It was five years ago that Jeff Marrazzo, CEO of Spark Therapeutics, first stood in front of a crowd at the J.P. Morgan Healthcare Conference to outline his company's path forward. Fast forward to today, and the biotech is now a year removed from securing the first ever U.S. approval of a gene therapy for an inherited disease.
To do that, Spark had to take on clinical, regulatory and, in particular, manufacturing hurdles — challenges that in some ways still persist.
BioPharma Dive sat down with Marrazzo to discuss Spark's journey in gene therapy manufacturing and the questions left to answer in the next five years.
This interview has been condensed and edited for clarity.
BIOPHARMA DIVE: What sticking points are there still to get past in gene therapy manufacturing?
MARRAZZO: This has been no small task to go from scratch to a first-approved gene therapy facility. We have not only gone through and understood how to establish the validation of your process, but established validation of the methods that you use to confirm your process is what you said it is.
We developed 41 different assays to test and release Luxturna; the large majority of those are going to be applicable to every other thing that we do. We aren't going to have to do that again.

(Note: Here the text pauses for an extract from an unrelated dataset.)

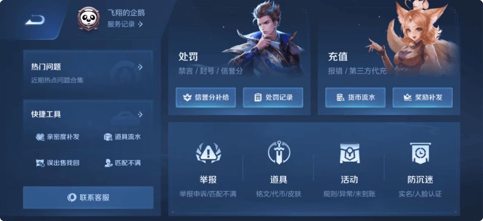 答:前往「游戏内客服专区」自助解决问题,客服入口:进入游戏 > 右上角设置 > 点击“客服”进入此页面联系客服~
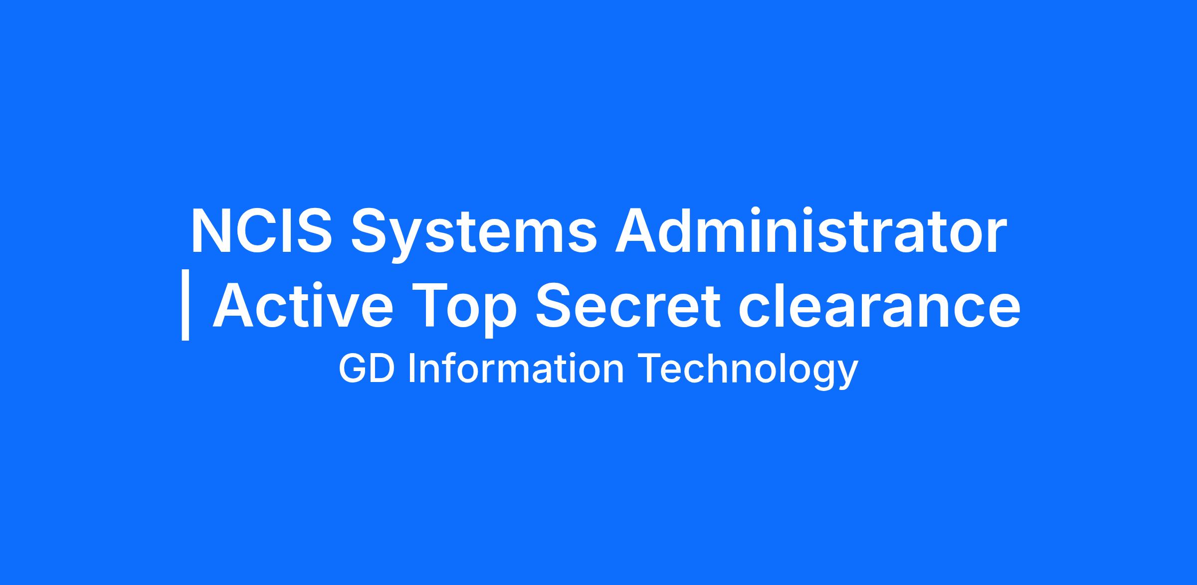 NCIS Systems Administrator | Active Top Secret clearance

Our [Biologics License Application], when we filed it with the FDA and similarly with the EMA, was like 60,000 pages. The vast majority of it wasn't about the clinical data. It was about CMC, or chemistry, manufacturing and controls, which is all about how our process works, how we control for it and how we show reproducibility.
One of the really important developments beyond Luxturna for us over the last 18 months has been the development of a process where we could take the same cell line that has been approved with Luxturna and apply it to a suspension.
[To manufacture Luxturna] we use these things called roller bottles. What you do is attach the cells to the side of the surface of these vessels. In order to increase the amount of capacity, you need to double the number of vessels and you need more people or more time in the facility to increase the capacity because it's a linear scale-up.
We've been able to take those cells and give them a completely different soup, if you will, where they can live and grow up inside the vessel. As opposed to attaching to the side, they can actually sit in solution. If you go from 10 liters to 100 liters, you don't increase the number of operators, you don't increase the number of time, but you all of a sudden went ten-fold larger.
This is the way most biologics have been scaled. We're at an essentially 400-liter system that we have [tested] multiple times now.
There is work that we will need to do to continue to show the reproducibility of that. That is one of the areas of focus for us over '19 and '20, but the scale that we're at is already sufficient to meet the commercial demand for what we're projecting in hemophilia.
Has there been an area of gene therapy manufacturing — supply chain, acquiring talent, etc. — that stands out as having been particularly difficult?
MARRAZZO: This stuff all ultimately comes down to people.
I know and remember all the scars of getting here to there. We had to bring together people that knew these molecules really well, who were phenomenal scientists.
But in order to be able to bring these to patients at commercial scale, you also need the operational know-how to be able to replicate this over and over and over again. [At the time] there was no commercial-scale gene therapy manufacturing talent.
We had to basically make that up from the people who knew monoclonal antibodies or enzymes. We had to bring them together with the scientists who really knew gene therapy and get them to work together.
That cross-learning and cross-pollination is one of the most complex [pieces]. I knew it from the beginning and there's no silver bullet for that.
That's the biggest challenge, but also the biggest success when you make your way through.
How was the process of dealing with regulators, at least from a manufacturing perspective?
MARRAZZO: The really unique thing about this whole first application was we were not just breaking ground around gene therapy, we were also breaking ground around an area of medical need in these blinding diseases where there were no existing drugs, period.
The regulators, to their credit, collaborated well with us on development of a novel endpoint. Our primary endpoint was not an endpoint ever used before, and it was because these diseases had never been studied in a Phase 3 trial before.
In hemophilia we have precedents of what are the right endpoints. But with Luxturna we had to basically develop the clinical development course as well as the manufacturing development course.
Both of those were extremely collaborative. We had Breakthrough Therapy Designation, but regulators also wanted to see these succeed. If you think about it from a human perspective, these are people who have worked, in some cases, at the FDA for 25 years in this group and never had seen an approved product. They genuinely want to do the right thing for public health in the United States, but they're also human and they would love to see these things make their way to patients.
It was a great collaboration, and it is also one of the areas that we think is an intrinsic value about the company — that we have that relationship and we know how to work our way through a new territory that they've never been in and we've never been in. Bringing scientific rationale and explanation to regulatory questions, they appreciate that.
And how much is there left to iron out with the FDA as far as manufacturing guidance for gene therapies?
MARRAZZO: There's still plenty to work through. The area of a CMC is still one that, while we have cracked a lot of it, I think first of all there are people who are going to be going through with different systems — maybe an insect cell line versus a mammalian cell line. Someone might go through it with a system that is not actually these bottles but flasks on a stack. There are things that ultimately will still need to be worked through in that context.